Last updated Dec-2025
1. Definitions
- “Company” means Pinnacle Industrial Services Pte. Ltd.
- “Customer” means any person or entity who purchases goods or services from the Company.
- “Goods” means any products, specialized parts, or engineering components sold by the Company.
- “Services” means technical evaluation, sourcing, engineering advice, or consultancy provided by the Company.
2. Acceptance of terms and conditions
By placing an order, receiving a quotation, or engaging in technical consultation with the Company, the Customer agrees to be bound by these terms. The Company reserves the right to amend these terms at any time; the version in effect at the time of the Quotation or Order shall apply.
- The Customer is responsible for reading and understanding these terms and conditions before placing an order or receiving a quotation.
- The Customer agrees to be bound by these terms and conditions once they place an order or receive a quotation.
- The Company reserves the right to change these terms and conditions at any time.

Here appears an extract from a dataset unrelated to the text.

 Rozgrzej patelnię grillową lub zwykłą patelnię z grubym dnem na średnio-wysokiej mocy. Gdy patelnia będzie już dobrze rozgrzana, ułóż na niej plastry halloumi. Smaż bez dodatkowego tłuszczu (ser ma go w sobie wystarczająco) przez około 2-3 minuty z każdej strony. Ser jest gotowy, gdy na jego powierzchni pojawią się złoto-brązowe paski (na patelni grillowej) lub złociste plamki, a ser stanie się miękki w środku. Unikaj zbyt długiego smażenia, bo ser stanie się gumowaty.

- The Customer is responsible for checking the latest version of these terms and conditions before placing an order or receiving a quotation.
3. Quotations, Orders, and Sourcing IP
Cancellations: Orders cancelled after acknowledgement are subject to a cancellation fee. The amount of this fee will be determined based on the order value, the degree of customization of the goods, and other relevant mitigating circumstances.
Validity: Quotations are valid for 7 calendar days and are strictly subject to goods remaining unsold at the time of order placement, unless otherwise stated in writing. Prices are subject to adjustment thereafter due to fluctuations in material costs, freight, or exchange rates.
Non-Binding: Quotations are not binding until the Company provides written Order Acknowledgement.
Protection of Sourcing IP: All technical data, equivalency mappings, and manufacturer identification provided in a quotation are the Intellectual Property of the Company. The Customer agrees not to bypass the Company by purchasing identical Goods directly from the Company’s identified sources for a period of 24 months following the date of quotation.
4. Technical Advisory & Suitability
- Advisory Nature: Any technical recommendations or product “equivalency” suggestions are provided as a professional opinion based on data supplied by the Customer.
- Customer Responsibility: The Customer is solely responsible for ensuring that the Goods’ technical specifications meet the requirements of the final application. The Company does not warrant that Goods are fit for a specific purpose unless expressly confirmed in writing.
5. Prices and Payment
Deposits: Any deposit paid may be forfeited as compensation if the Customer fails to fulfill their contractual obligations.
Price Adjustment: The Company reserves the right to increase prices to reflect unforeseen changes in raw materials, labor, or transportation costs.
Standard Terms: Unless credit terms are granted, Goods must be paid for in full prior to dispatch.
Independence of Payment: Where credit terms are granted, the Customer’s obligation to pay the Company is absolute and not contingent upon the Customer receiving payment from any third party.
Late Payment: A late payment fee of 1% per month (or part thereof) shall apply to any overdue balances.
6. Liability and Indemnity
In no event shall the Company be liable for indirect, incidental, special, or consequential damages, including but not limited to loss of profit, loss of production, downtime, or injury to third parties.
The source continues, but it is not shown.